Has somebody already had the idea to build a simple class diagram displaying for Perl Classes with GEF?
We have a little Perl script here that parses class files and generates a Graphviz directed graph.
It would by much cooler to have this integrated in Eclipse with GEF. So we would have round-trip engineering - ok, just the half turn.
I don't know about GEF, but something like Java's Type Hierarchy view would be definitely nice to have.
Apropos parsing Perl source: I have been reworking EPIC to parse code more accurately and faster for quite a few weekends now. I chose ANTLR instead of the hand-crafted regexps on which it has relied so far. However, I am nearing the (late) conclusion that parsing accurately enough in real time for fast and correct syntax highlighting and to support features like "Open SUB Declaration" and code completion is close to impossible.
I also briefly looked at the famed PPI module (there is talk that it will be integrated into Komodo?), but it takes 8 seconds to process my sample large file on a fast machine. Even caching the result (which you can IMHO hardly do on an edited document) brings it down to just 1.5 seconds. So PPI seems unacceptable as support for syntax highlighting (with ANTLR I get something like 300ms, however with a lower quality of results).
Anyway, PPI might be interesting for less interactive things like refactoring or creating accurate class hierarchies. Maybe you should have a look at it.
Currently I am hesitating whether to check in my latest and "greatest" ANTLR-based code to CVS, mostly because I am unsure whether other EPIC devs could live with it. Not that there is much going on, but one should not take architectural changes like this one too lightly.
I had a discussion with some students here on Saturday who built an Entity Relationship Editor for Eclipse based on GEF / Graphical Editing Framework:
As I understood, GEF provides a Broadcaster/Listener Architecture to plug in a DataModel of the Graph of the Code (that optionally can be build on EMF / Eclipse Modelling Framework). All Changes to the DataModel will be propagated to GEF, i.e. the Diagram.
You already have the Informations about Classes and Methods (alas not the member Variables, because Perl is to dynamic to predict the members before runtime) somewhere in your Model that makes the Outline View.
With a grep or your new ANTLR-code it should be easy to also have the "use base" informations.
With that Model we could build a nice graphical Class Diagramm (or maybe Class Hierarchy View).
But the point is: I absolutely don't know when I should do this... (it would be nice, by the way, to write some Java Code for change... I miss it. :-) ) I never have written anything for the Eclipse Platform.
And the thing with OpenSubDeclaration and Refactoring: I agree with you, that this one will be very, very difficult (or even impossible?) with Perl, because of is type-lessness, odd syntax and dynamics. I've read non-ending discussions about this but I am not experienced enough to make my own accurate opinion... :-(
I crossed PPI some days ago, but I really don't know if it is powerful enough to do a "move method" or "change method signature"...?

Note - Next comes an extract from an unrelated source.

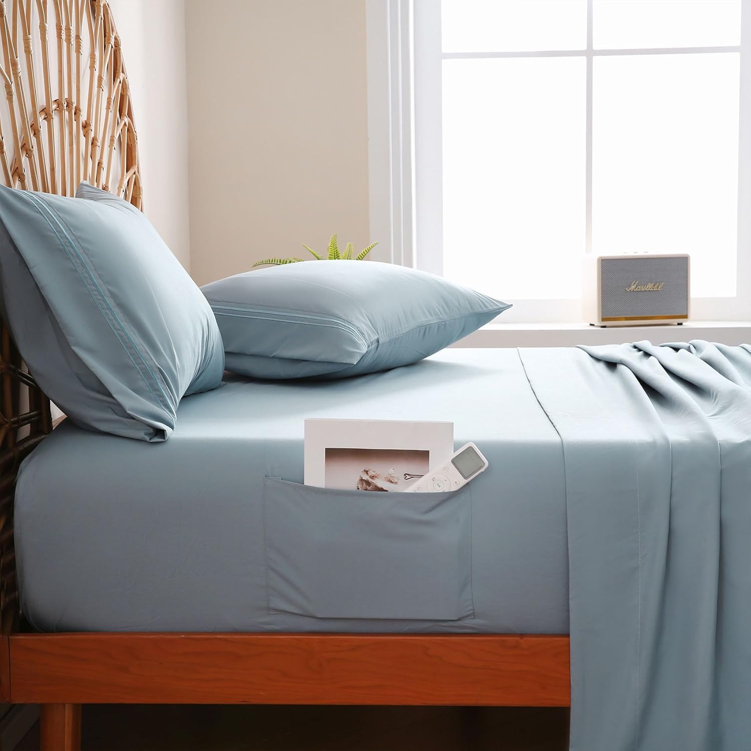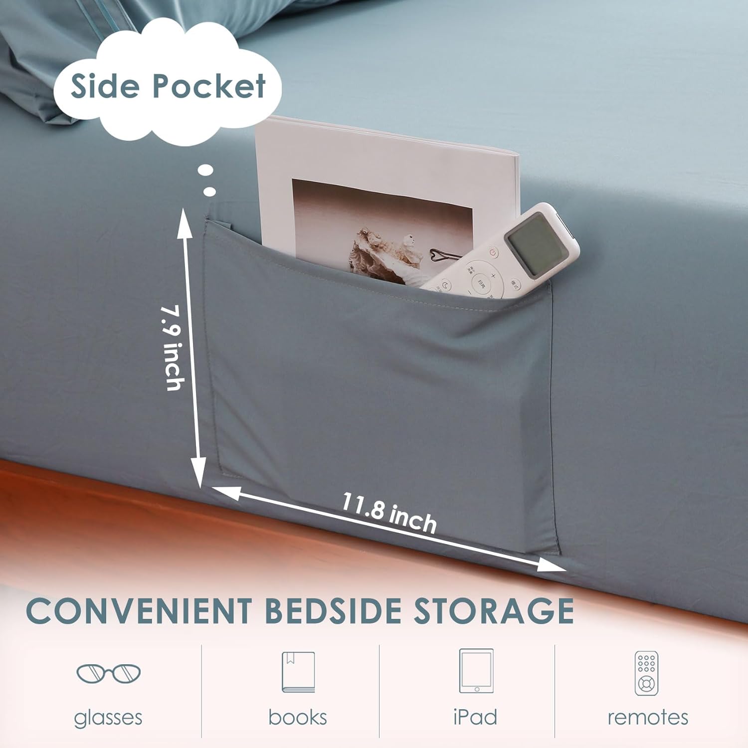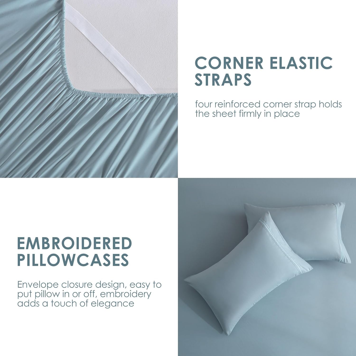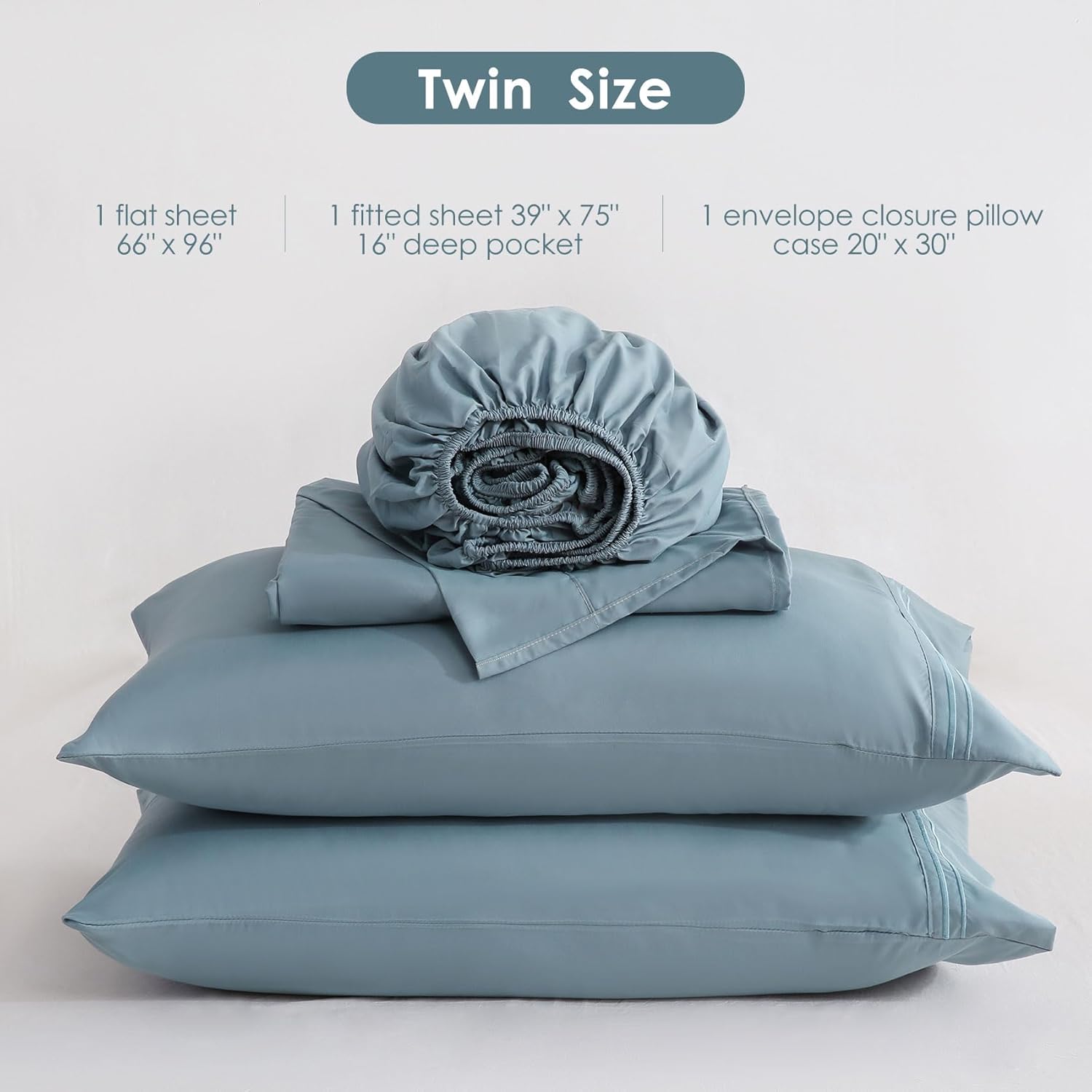 Create a restful and organized sleep environment for your child with this JSD Blue Twin Sheet Set. Designed for comfort and practicality, this 3-piece set includes a flat sheet, a fitted sheet with 16" deep pocket, and an envelope closure pillowcase. Its soft brushed microfiber fabric ensures a smooth, gentle touch that keeps your little one cozy through the night. Whether you're looking for comfort, durability, or a touch of style, this sheet set is the perfect solution for kidsâ bedding. Its fresh blue color adds a cheerful element to any child's bedroom, while the wrinkle-resistant and non-pilling fabric ensures it stays looking new even after frequent use. Transform bedtime into a smooth and delightful routine with the JSD Blue Twin Sheet Set. Combining practical features with a sleek design, this set is ideal for parents who value convenience without compromising on quality. With cold wash and tumble dry care, it's easy to keep clean and maintains its softness and shape through the seasons. Shop now and bring a touch of comfort and style to your childâs room with this durable and reliable twin sheet set.JSD Blue Twin Sheet Set â Cozy & Functional Kids Bedding

I have also written a GEF-based editor for presenting (Java class and package) dependency diagrams two years ago or so. It was quite fun and easy. The major part of work was implementing a graph layout algorithm because there was nothing suitable in GEF back then (I don't know about today).
The Perl model you mentioned only exists in a rudimentary form for the currently edited file. The way it was implemented originally (and can be seen in the current CVS code), the whole source file is simply grepped through during inactivity, and the results of this operation are directly fed into the Outline view. Note that it also spots the "use" directives found in the file. Folding is implemented on top of the "bracket matching" code, which in turn uses information generated by syntax highlighting. The desirable model-view separation is hardly present - it's all view and very little of the actual "model". But it mostly works and can be certainly admired for that reason.

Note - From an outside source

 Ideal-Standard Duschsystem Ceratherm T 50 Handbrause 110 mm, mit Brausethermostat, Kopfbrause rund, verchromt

I am currently attempting to replace the current "smoke & mirrors" architecture with something more coherent, like parse once and generate a useful model for multiple purposes. In fact, "parse once" is not sufficient, reparsing must happen incrementally and quickly on each change. Some edits cause major problems performance-wise: for example opening a POD comment at the beginning of a huge file or entering a curly brace would both trigger reparsing the whole file. This stuff is quite challenging to implement acceptably. The benefits would be that syntax highlighting, bracket matching, outline etc. could all be implemented in terms of the single model rather than by depending on each other in mysterious ways.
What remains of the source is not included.